+++ MATERIAL PROVIDED

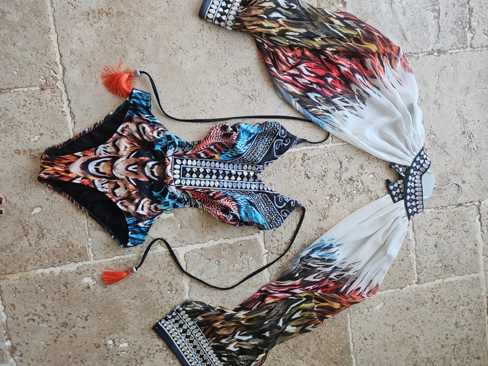 Renkli tie-dye desenli, püsküllü detaylara ve askılı uzun kollara sahip, vücuda oturan kadın monokini. Plaj için uygun.
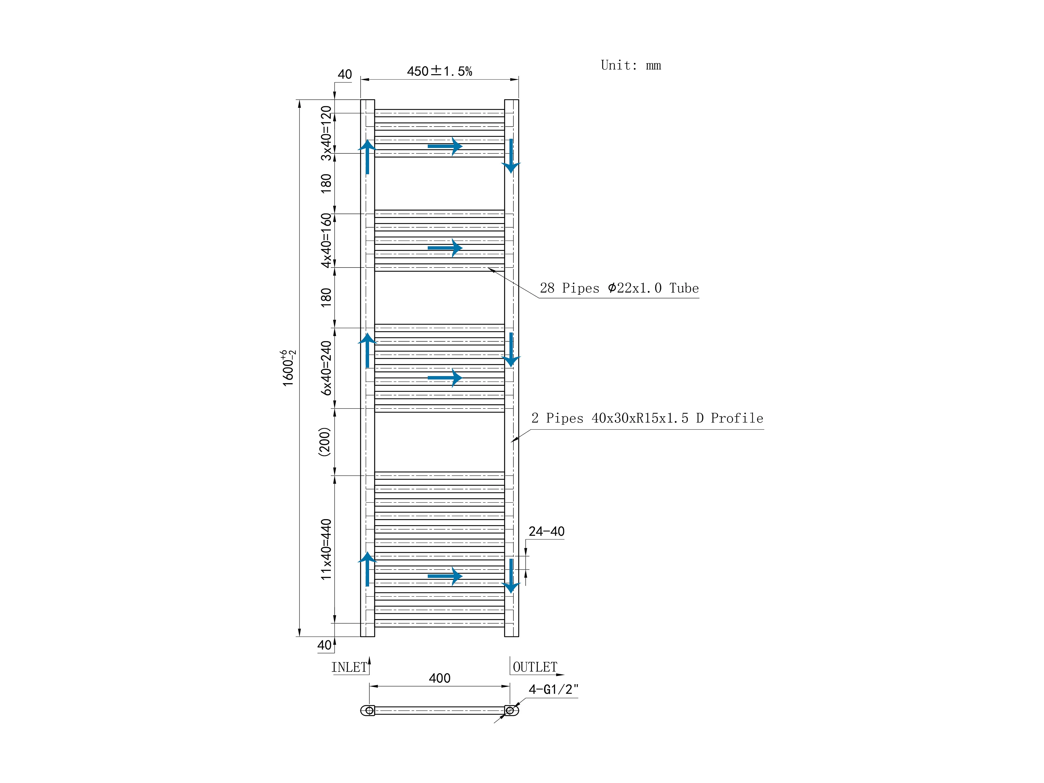 Radiador toallero de alta salida de calor cromado calefacción 160x45cm
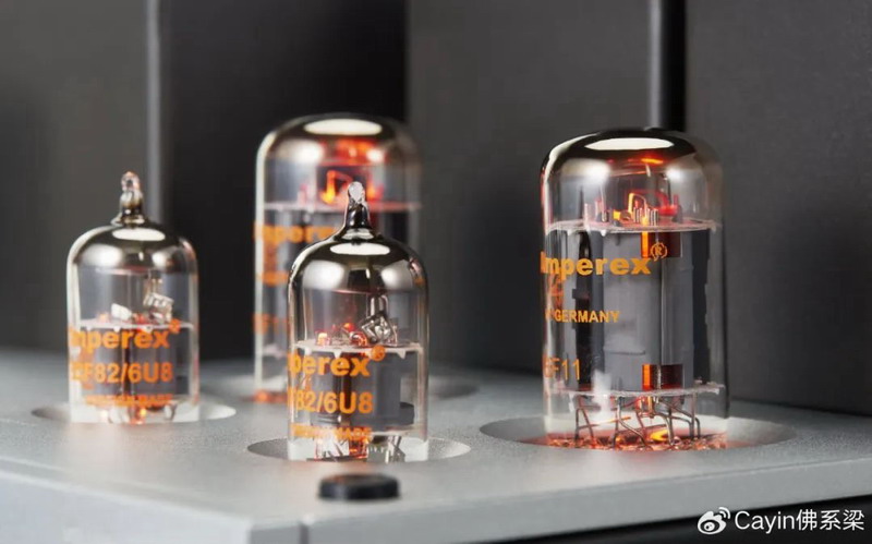 HA-2A與其他HA系列不同的地方在于,她是Cayin首款全部采用古董管NOS(NEW OLD STOCK即全新未使用過的庫存古董管)設計的電子管耳放。整機一共五支電子管,其中RCA 17AX4GT作為膽整流,負責前級電子管的屏極供電,充分發揮電子管整流獨有的諧波豐富和溫暖細膩的音色聽感。而前級和功率管均采用著名的“吹喇叭”電子管,前級管和功率管分別是兩支Amperex ECF82/6U8 和Amperex 17BF11,并經過嚴格檢測配對組成。
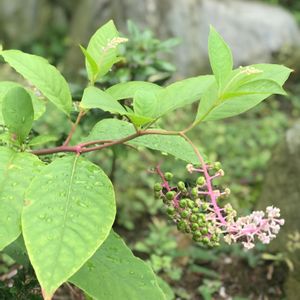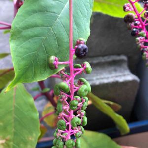 🌱庭の隅に生えてきた🌿 抜こうかどうか迷ってここまで大きくなるまでまったけど これはヨウシュヤマゴボウですよね❓ 鳥が運んで来たのでしょう
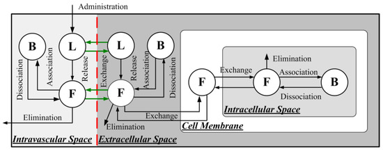 The intravascular concentration of free doxorubicin () is determined by the transvascular exchange between IVS and tissue ECS, drug release from liposomes, binding with proteins and plasma clearance.
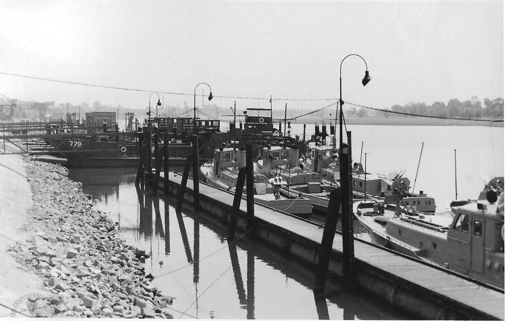 A good view of the types of craft assigned to Unit M for the patrol and ferry mission along the unit's segment of the Rhine River. Tied up

++++++

From the entries above, copy exactly the lines starting at the one with "ECF82/6U8 和Amperex 17BF11,并經過嚴格檢測配對組成。" and stopping at the one with "抜こうかどうか迷ってここまで大きくなるまでまったけど これはヨウシュヤマゴボウですよね❓ 鳥が運んで来たのでしょう", keeping both ends. Drop the pictures.

 HA-2A與其他HA系列不同的地方在于,她是Cayin首款全部采用古董管NOS(NEW OLD STOCK即全新未使用過的庫存古董管)設計的電子管耳放。整機一共五支電子管,其中RCA 17AX4GT作為膽整流,負責前級電子管的屏極供電,充分發揮電子管整流獨有的諧波豐富和溫暖細膩的音色聽感。而前級和功率管均采用著名的“吹喇叭”電子管,前級管和功率管分別是兩支Amperex ECF82/6U8 和Amperex 17BF11,并經過嚴格檢測配對組成。
 🌱庭の隅に生えてきた🌿 抜こうかどうか迷ってここまで大きくなるまでまったけど これはヨウシュヤマゴボウですよね❓ 鳥が運んで来たのでしょう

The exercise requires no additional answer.